This combination of "reports" press releases and journalism that cherry picks
and tortures statistics is scientism of the worst kind.

Where is cause and where is effect effect? What other things have interlinked
causal relationships with these things? These realities are complicated and
trying to boil it down to this college degree earns people this much is just
not really the way reality works.

A 25 year old with a solid academic background in statistics, big data &
business from name brand Universities is likely to be optimizing his earning
potential. He's very likely to be getting knowledgable advice, assistance and
socialization to this end from parents. This is not a randomized experience.
The got into the degree. They passed it. They decided to get into it.
Causation runs both ways, in loops, in zigzags.

For a high school graduate with decades of experience… What circumstances
yield 35 year olds without any tertiary education in 2015? The starting point
is different, the trajectory is different. It's complex.

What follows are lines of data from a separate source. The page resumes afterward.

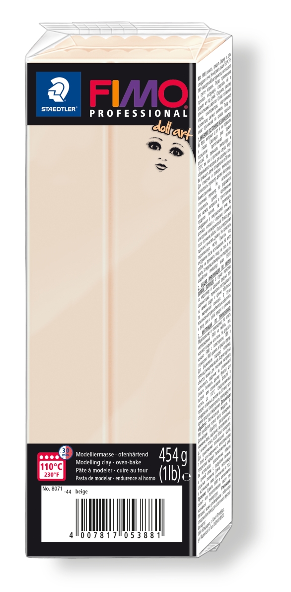 Полимерная глина FIMO professional doll art - это усовершенствованная FIMO Puppen. Полимерная глина была специально разработана и используется для лепки, а именно для создания кукол и скульптур. Натуральные цвета с эффектом полуматовой поверхности фарфора позволяют искусно проработанным лицам выглядеть живыми и очень выразительными. Полимерная глина выглядит и лепится как пластилин, но затвердевает и принимает законченный вид только после запекания в духовке при 110 °C около 30 минут. Его составляющие это - ПВХ и пластикосвязующее вещество.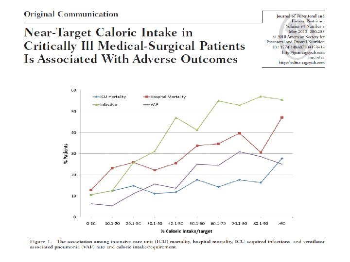 Optimal Amount of Calories for Critically Ill Patients: Depends on how you slice the cake! Association Between 12 -day Caloric Adequacy and 60 -day Hospital Mortality Optimal amount = 80 -85% Heyland DK, et al. Crit Care Med. 2011; 39(12): 2619 -26.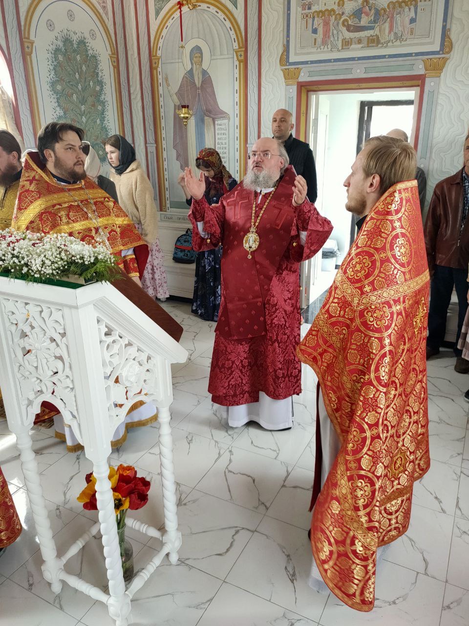 Архипастырю сослужили: протоиерей Антоний Хатунцев, иерей Лев Шиповский – настоятель храма и диакон Евгений Васильев.
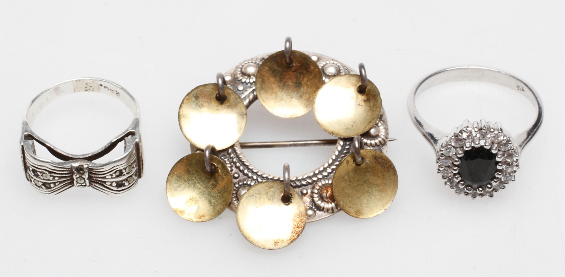 318419. BROCHE og RINGE, 3 dele, sølv, 1900-tallet.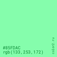 Цвет #85FDAC в цветовой модели RGB обозначается тремя октетами (133, 253, 172) в десятичном формате и #85FDAC в шестнадцатиричном (hex) формате, которые являются интенсивностью красного 133 (hex 85), интенсивность зелёного 253 (hex FD) и интенсивность синего 172 (hex AC).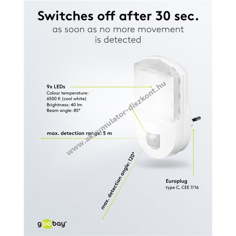 - Automatikus kikapcsolás 30s után, előre beállított érzékenység (<10lm)
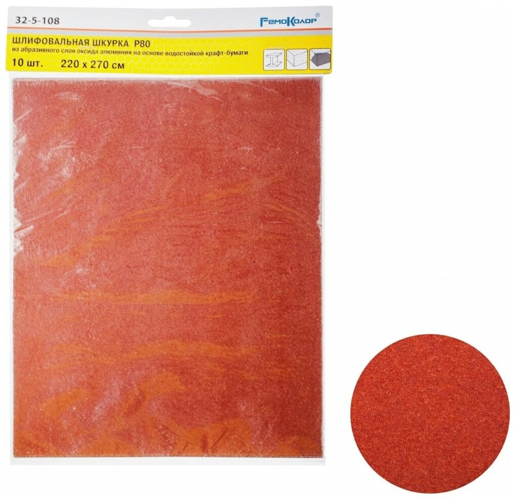 Сервис сравнения цен СкидкаГИД предлагает сравнить цены на товар «Шлифовальный лист на бумажной основе оксид алюминия водостойкий РемоКолор 32-5-108 Р80 220х270мм 10шт.»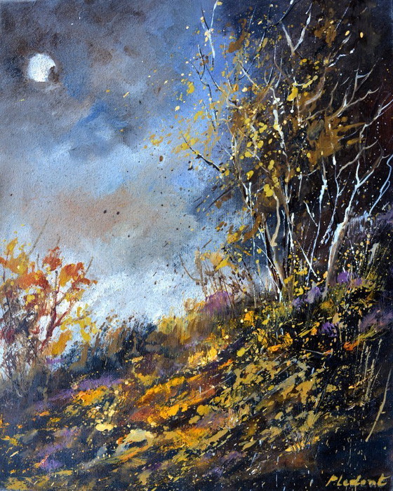 Quest'opera d'arte cattura magistralmente una scena autunnale al crepuscolo. La luna, velata dalle nuvole, illumina sottilmente il paesaggio, creando un'atmosfera mistica. A destra, esili alberi sfoggiano le loro ultime chiome dorate, mentre i bordi del dipinto rivelano una profusione di colori autunnali - arancio, giallo e viola - che evocano un tappeto di foglie. La tecnica artistica, caratterizzata da macchie vivaci e pennellate dinamiche, conferisce alla tela una notevole vivacità. Il contrasto tra l'oscurità del cielo e la luminosità scintillante della vegetazione accentua la profondità della composizione. L'atmosfera complessiva è al tempo stesso rasserenante e malinconica, evocando il passaggio tra le stagioni. Questo dipinto, con la sua maestria di sfumature ed espressività, immortala la fragile bellezza della natura nel suo flusso.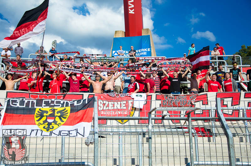 Leider gelang es nicht an unseren letzten Auftritt in Karlsruhe anzuknüpfen, sodass dieses Mal ein eher durchschnittlicher Auftritt im Gästeblock abgeliefert wurde. Bleibt zu hoffen, dass unsere Mannschaft am kommenden Freitag gegen Nöttingen nachlegen und somit eine kleine Euphoriewelle entfachen kann.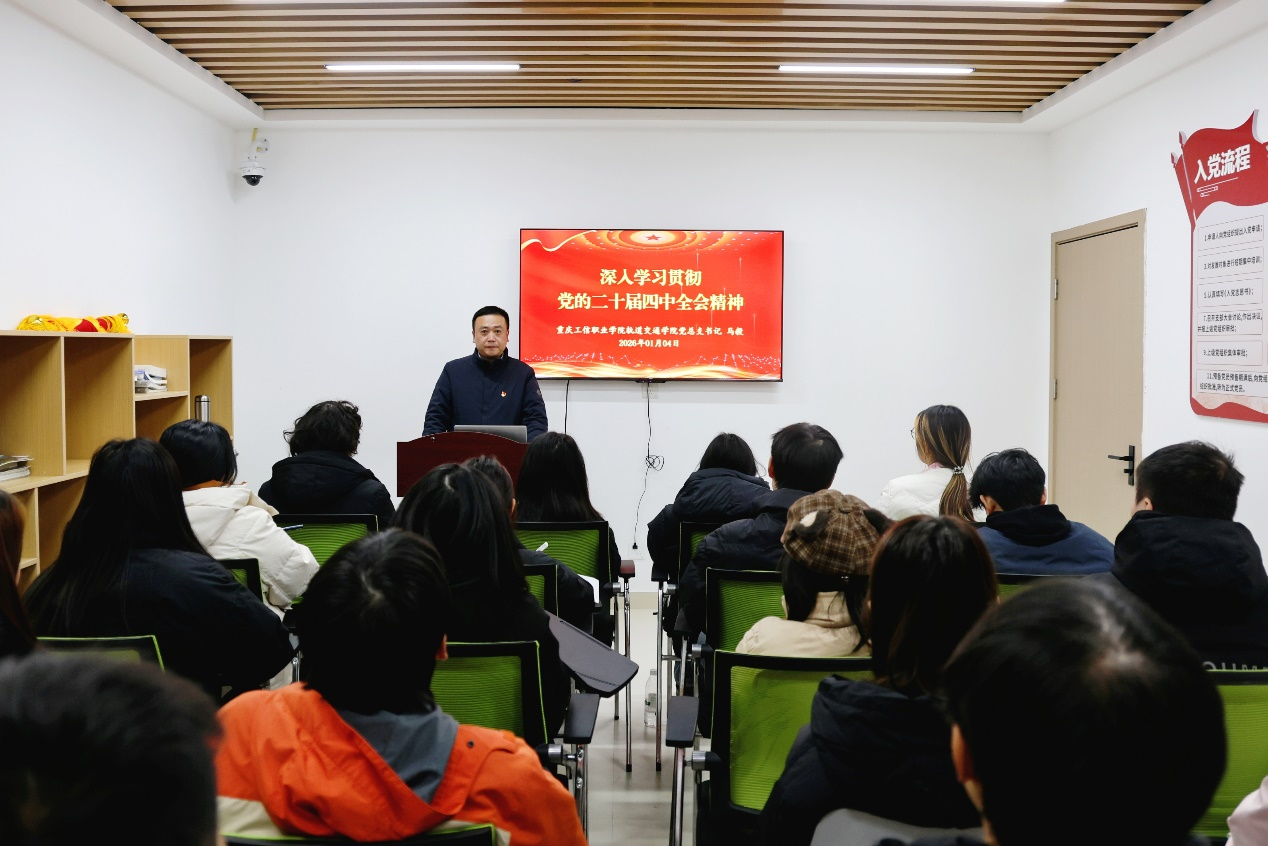 为深入学习贯彻党的二十届四中全会精神,2026年1月4日,轨道交通学院党总支书记马毅为学院辅导员、学生代表开展了一场别开生面的专题宣讲会。会上,马书记围绕全会提出的“十五五”时期经济社会发展目标任务,部署贯彻落实举措,并号召同学们认真学习,技能报国。

Coming from a non American who quite like americans I would also point out
that there are many uniquely american blind spots here. One is the mercantile
approach to education. Universities can proudly and flagrantly advertise their
prestige with prices and viscera versa.

First, the American student is a consumer and investor. This is kind of cool
and useful in that it forces people to consider realities like the market
demand for graduates of a degree. But it also generates the kind of flat, dull
and incorrect analysis where a degree is going to be causally linked to a
salary, justifying the enormous (and often unnecessary) costs. Universities
need this to justify what they charge and students need to justify their
spend.

Second, I think Americans have a very weird relationship with the concepts and
vocabulary of socialism. Socialism (followed closely and arguably by Liberal
Capitalism) was probably the most influentially socio-economic-political
movement of the 20th century. The ideas influence the US no less than
anywhere. But Americans have a weird relationship with them.

At the centre of it all is the aversion to considering anything from the lens
of class.

Universities are now and have always been, central to class issues. They are
where class is established. They are instruments of class mobility, class
immobility. They are places where class culture is consolidated.

I would guess that class is a major determining factor in earning potential,
and that a lot of the mechanics of this are via universities.

When you consider some cluster of college graduates and compare them to high
school graduates with 10 years experience, you are comparing samples of class
clusters.